A woman DOESN'T need witnesses to show that she was raped anywhere in the world. she need medical checks & a DNA test . Not sure where you got your info from. This is totally incorrect.



			
				Taurisk said:
			
		

> As to clothes:
> When I came to Australia, I only wore my national outfit (dirndl) and my husband wore his lederhosen in a social club from our own ethnic background, never out in the street.  We wore the clothes everybody else was wearing, because we wished to fit in.   It's simply ignorant not to do as the locals do.




You had the freedom to wear what you wanted to wear even if it was your normal clothes or others in your own preferred time. why do you deny others the freedom to wear what they like? isn't this the FREE WORLD!



			
				Taurisk said:
			
		

> I won't even go into Muhammed's life story, because he did live a long time ago and people did behave differently, and I feel he is being vilified on the net quite a bit.  The true facts of his life will never be verified, yet we do know that he allowed himself certain sexual freedoms that he would not allow his fellows, and always found a nice sura or revelation to justify it.  He was also a great leader and probably very necessary at that particular time of Arab history.  He was the one that wrote the sura about a paradise for men were there were numerous beautiful women awaiting them, captive inside little palaces, inside a perl etc..  No mention what rewards await women..




Amazing info, Muhammed lived 1400 years ago, ONLY 600 after Jesus. Not much difference in time & or even geographical location. 

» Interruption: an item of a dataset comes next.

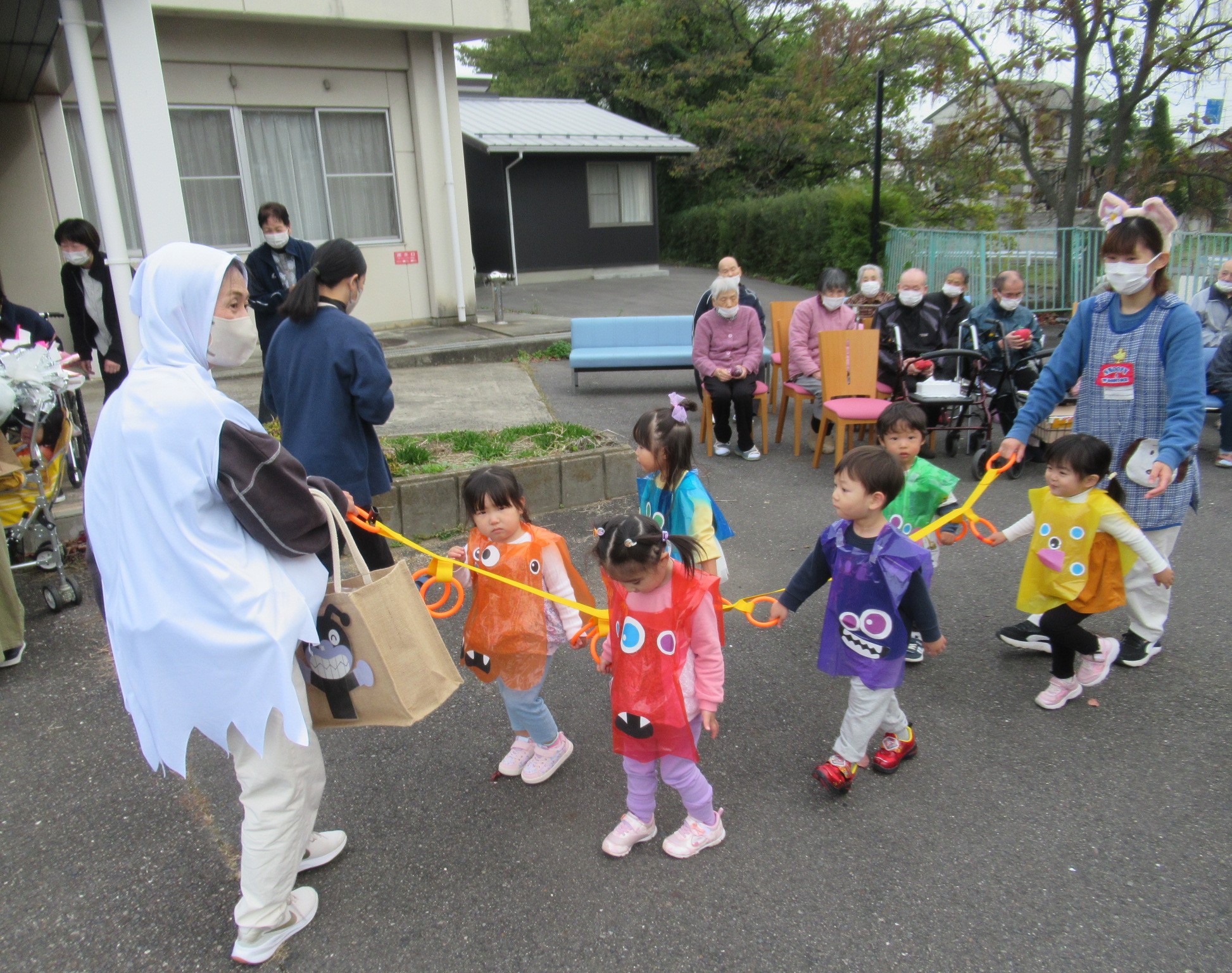 | ~きらきらげんき保育園の皆さんがハロウィンパレードに来てくれました~ 令和6年10月31日、きらきらげんき保育園の皆さんが仮装してハロウィンパレードに来てくれました。かわいい皆さんの仮装・表情にご利用者の皆さんうっとりとされ目が離せませんでした。「かわいいね」「元気いっぱいもらったね♪」 と喜びの声が聞かれました。中には泣いて喜ばれる方もいました。ハッピーハロウィンの掛け声とともに記念撮影もさせていただき、感無量です。きらきらげんき保育園の皆さん本当にありがとうございました。またお会いできることを楽しみにしています。 |

the true facts of his life is verfied & in more details thru many of his followers (same as Jesus students) & their writings of his teaching & different occasions. Muslims call that Ahadeeth, its more or less the equivalent the gospels, except that those stories mentioned by Muhammed's students were seperated from the holy book (Quran), which Muslims believe it was clear msg from God & no one helped in phrasing or inventing its words.

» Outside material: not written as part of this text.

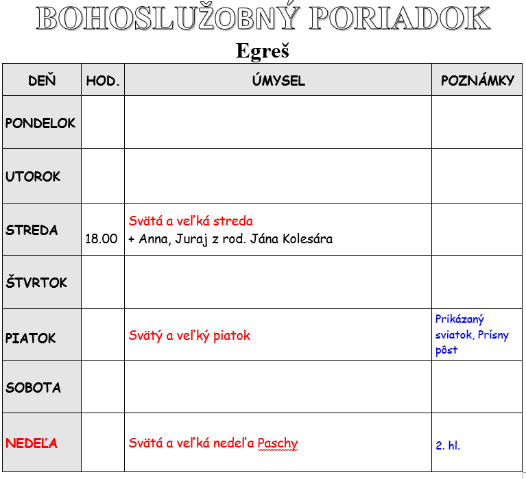 Program bohoslužieb týždeň od 30.03.2026 do 05.04.2026
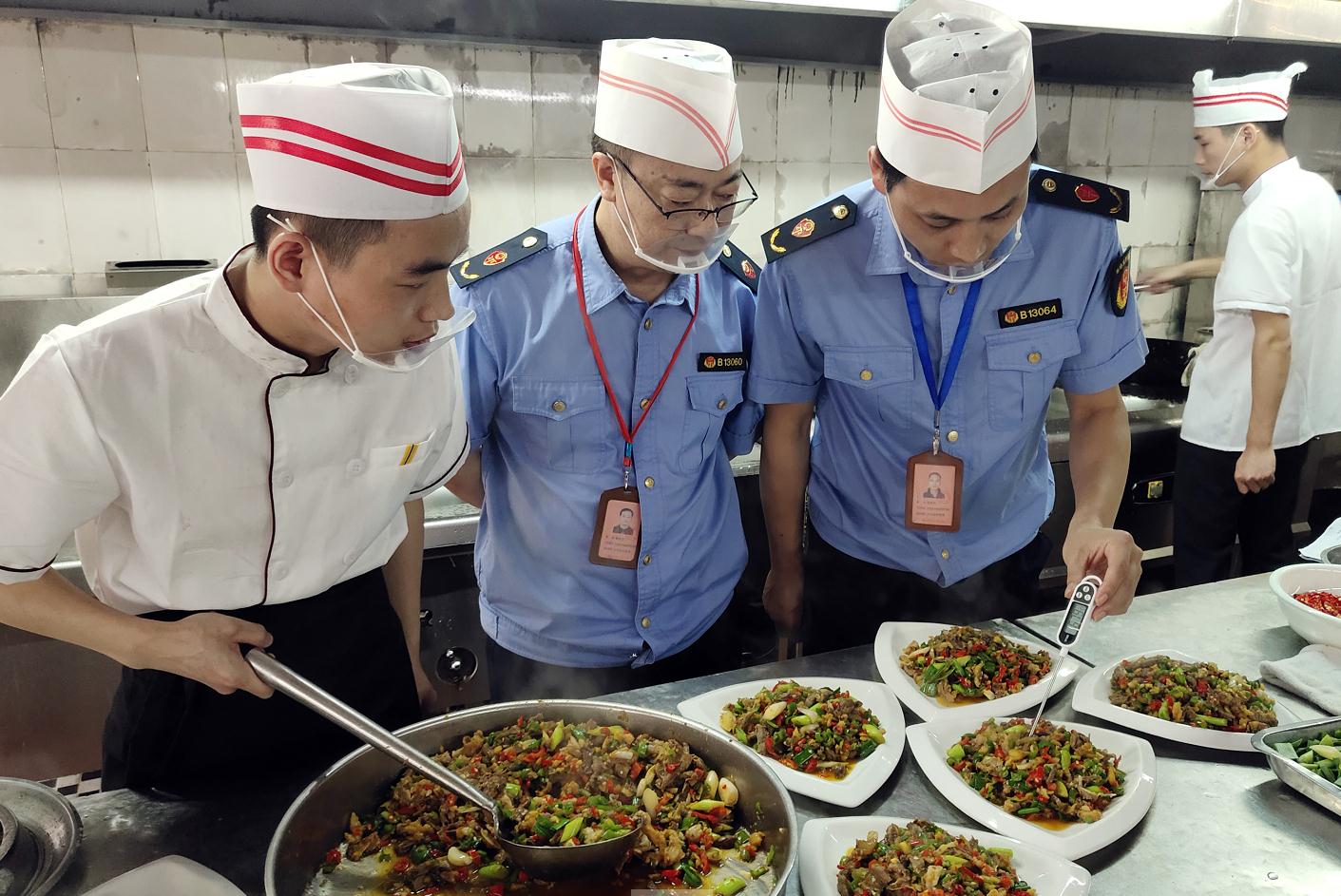 圖為執(zhí)法人員正在一酒店檢測菜品溫度。王雨林 攝

Muhammed did tell his followers, 1400yo, who were getting killed by non-believers, that if they were killed for the reason for thier faith, which was happening, that they'll get to heaven with all its girls & guys & the whole lot , or if they get killed, defending their land or family, then they get to the same end. Pls remember, they ran away from their home land because non-believers at the time destroyed their houses & took thier wives & kids as slaves! This is nothing that could upset anyone.



			
				Taurisk said:
			
		

> If you don't like the Western world or way, please book your paid tickets to a part of the world that's more amenable  to yours.  If you live here, you have to take the modern (Western) world as it is with all its faults, its unlimited personal freedoms (you don't have to accept them for yourself) its motor cars, its political struggles for dominance over that precious substance that runs the motor cars and industry  which gives us and you a great living standard.  There is also the possibility that you might want to work towards a better version of democracy here, by voting; there is also the possibility that you engage yourself in a meaningful way for an alternative lifestyle that is ecologically less damaging.  For example:  do you drive a petrol-driven motor car, or have you looked at alternatives?




I do like your way of life & I live here in Australia, its you that don't want me here because of my clothing  do you call that civilisation.

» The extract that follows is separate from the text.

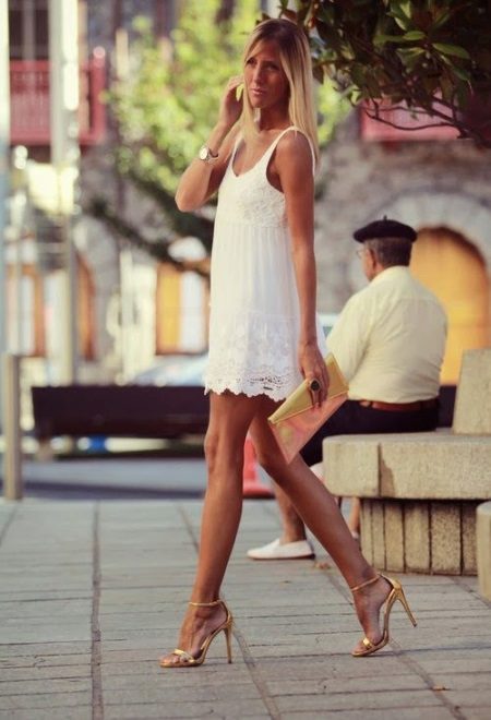 Here, golden sandals do not attract the main attention to themselves, they rather complete and harmonize the overall impression of the composed ensemble.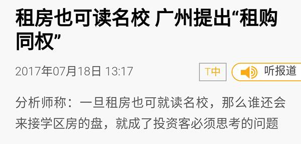 7月17日,廣州頒布“租購?fù)瑱?quán)”新政引起了全國關(guān)注,提出 " 賦予符合條件的承租人子女享有就近入學(xué)等公共服務(wù)權(quán)益,保障租購?fù)瑱?quán) "。這意味著,租房就有可能上名校。

The only difference between you & me is that I like your freedom & I don't think you have clear understanding to what freedom is all about. You think because I don't wear same clothes as you then I should go & find somewhere else to live??????? is that your defenition of freedom & democracy????? I'm amazed to you're even a member in a stock forum


----------



## IGO4IT (30 January 2007)

Taurisk said:
			
		

> If you don't like the Western world or way, please book your paid tickets to a part of the world that's more amenable  to yours.  If you live here, you have to take the modern (Western) world as it is with all its faults, its unlimited personal freedoms (you don't have to accept them for yourself) its motor cars, its political struggles for dominance over that precious substance that runs the motor cars and industry  which gives us and you a great living standard.  There is also the possibility that you might want to work towards a better version of democracy here, by voting; there is also the possibility that you engage yourself in a meaningful way for an alternative lifestyle that is ecologically less damaging.  For example:  do you drive a petrol-driven motor car, or have you looked at alternatives?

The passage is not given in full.